Ai Master

Top AI News in April 2024

#News Center ·2024-04-30 09:49:29

In this month’s roundup, we highlight the top AI news from April:

Adobe Buys Video for Its AI

Adobe is actively buying video footage to develop its AI text-to-video generator. The company is encouraging its network of photographers and artists to submit videos depicting everyday actions and emotions, with an average payout of $2.62 per minute of video. In addition, Adobe is exploring partnerships with third-party AI providers such as Runway, Pika Labs, and OpenAI’s Sora model.
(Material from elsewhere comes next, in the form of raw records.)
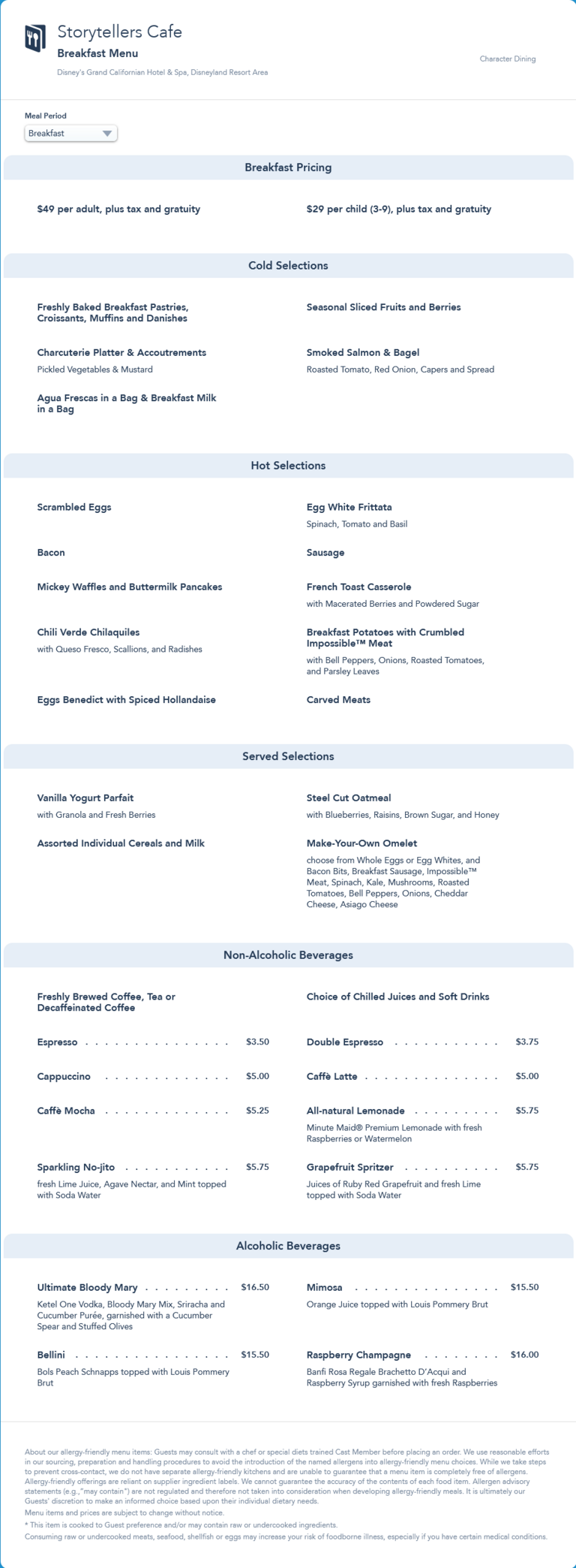 This menu was replaced by an updated breakfast menu in November 2021 that increased the price of Cocktails ($1) and Coffee beverages ($.50-$.75).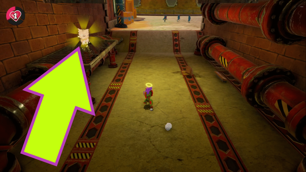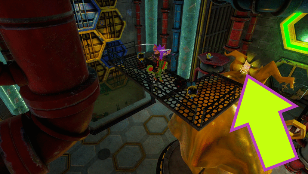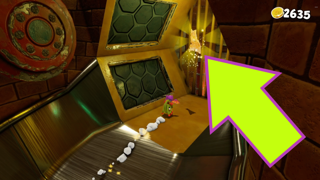 Head up the ramp to find a Pagie guarded by a security camera and two large spike ball enemies. Knock the minions off the ledge using Laylee’s Sonar Shot and then use Yooka’s Camouflage to get past the camera and grab the Pagie.
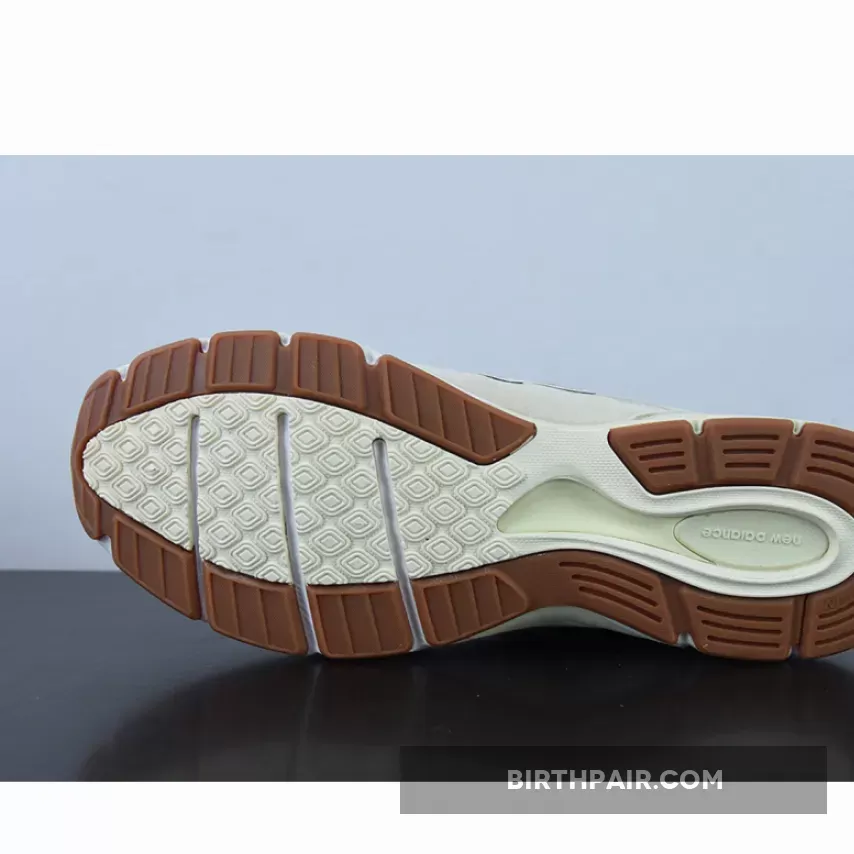 The kicks feature a lightweight, breathable tan upper constructed for a top tier level of comfort. On the side, a reflective detail appears which was created to offer a hint of color while worn at night on the roads. We also see dual-density collar foam which was added to provide cushioning and support. Lastly, the brand’s “N” symbol appears in a metallic gold hue outlined with white trim.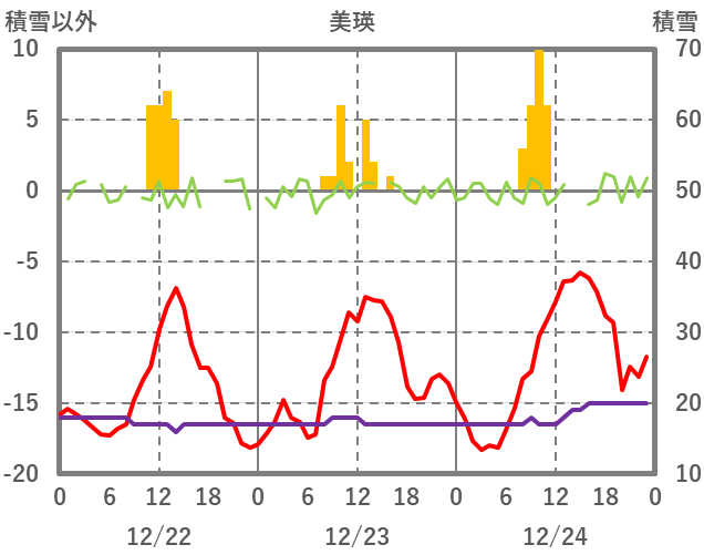 | 日 | 時 | 気温 | 降水 | 風向/風速 | 日照 | 積雪 | 降雪 |

The background: The company’s growing interest in buying videos from photographers and artists reflects a recent trend of companies relying on licensed content to train AI models. By obtaining the proper licenses, companies can reduce legal risks while obtaining high-quality datasets for training models.

In addition to this, Adobe will also introduce AI video tools to its Premiere Pro editing platform and plans to integrate its own generative AI video models into the Firefly series. These tools include the ability to generate and process video content using text prompts, aiming to enhance the user’s editing experience.
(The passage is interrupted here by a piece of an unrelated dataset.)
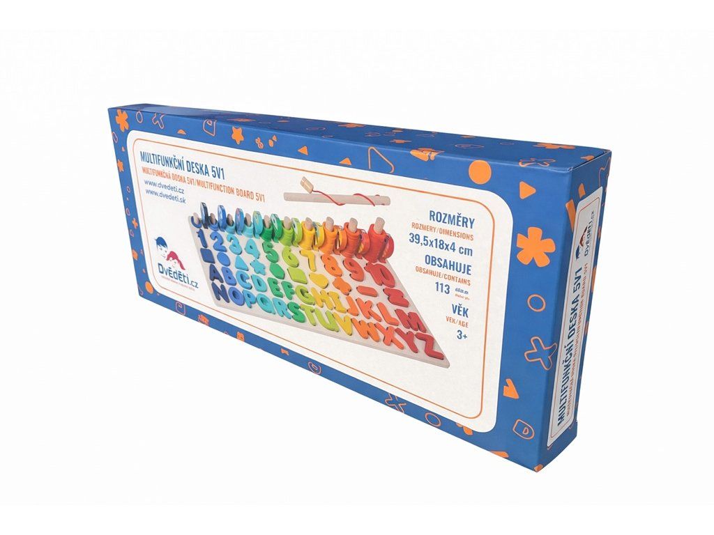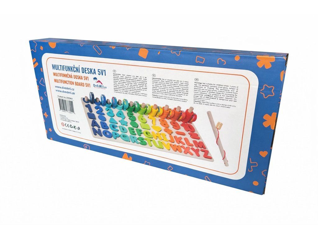 Každý malý šikula si najde to své! Dřevěná multifunkční deska nabízí edukativní hru a pomáhá dětem v koordinaci motoriky, zlepšování koncentrace a rozvoji logického myšlení. Jejím cílem je nejen učení přeměnit na zábavu, ale také vyvinout k učení u nejmenších kladný vztah. Vedle rozpoznávání čísel, tvarů a barev lze v této hře "rybařit" či stohovat kroužky na sebe. Všechny části dřevěné skládačky jsou dimenzovány tak, aby byly ideální pro drobné dětské ruce. Hlavní vlastnosti: multifunkční edukativní hraideální pro trénování motoriky a posílení logického myšlenípodporuje kreativitumění učení na zábavuveselý, pestrý design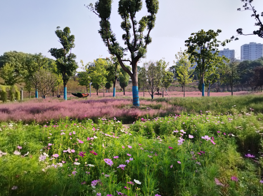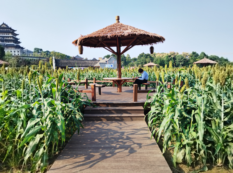 奉化仁湖農(nóng)趣園是集生態(tài)防護(hù)、景觀觀賞、農(nóng)田種植、休閑健身、文化娛樂(lè)等功能于一體的大型城市森林公園。公園整體設(shè)計(jì)按照“山為實(shí),水為虛”的古代山水理念,獨(dú)具匠心地體現(xiàn)奉化所特有的山水人文特色和彌勒佛教文化。一走進(jìn)園區(qū)大門(mén),成片的高粱地與水稻田交相輝映,整齊劃一,一個(gè)個(gè)高粱穗,似一只只火把,伸向藍(lán)天,訴說(shuō)著豐收的喜悅。木質(zhì)連廊將高粱地分割得錯(cuò)落有致,大家登上連廊,在周?chē)吡淮負(fù)硐?,紛紛拿出手機(jī)與高粱來(lái)個(gè)親密接觸,記錄著美麗瞬間。在園區(qū)內(nèi)還有農(nóng)作物科普小知識(shí),大家駐足閱覽,仿佛身在城里的我們走進(jìn)了鄉(xiāng)間田野。

Adobe Firefly training data raises ethical concerns

Adobe’s image generation software Firefly, which has been praised for its ethical training data practices, has sparked controversy after it was revealed that it was trained using images from sources such as Midjourney.

Although Adobe initially claimed that Firefly relied primarily on licensed images from Adobe Stock, it appears that AI-generated content (including from its competitors) has also contributed to Firefly’s training. Adobe Stock is one of the few stock photo platforms that accepts content generated by third-party services. Therefore, since Adobe uses its content to train its algorithms, the inclusion of third-party generated content in Adobe Stock has inadvertently contributed to the training data of tools such as Firefly.

Yet, despite the revelations, Adobe still claims that it controls the quality of its datasets:

“Every image submitted to Adobe Stock, including a small subset of images generated with AI, undergoes a rigorous review process to ensure it does not contain intellectual property, trademarks, recognizable characters or logos, or references to artists.”

Adobe spokesperson

Between the lines: This discovery challenges Firefly’s claims of being a “business-safe” alternative and raises questions about transparency and ethical standards in the development of AI models.

Meta AI’s global rollout

Powered by Meta Llama 3, Meta AI is expanding its global reach with new features designed to make everyday tasks easier and more enjoyable.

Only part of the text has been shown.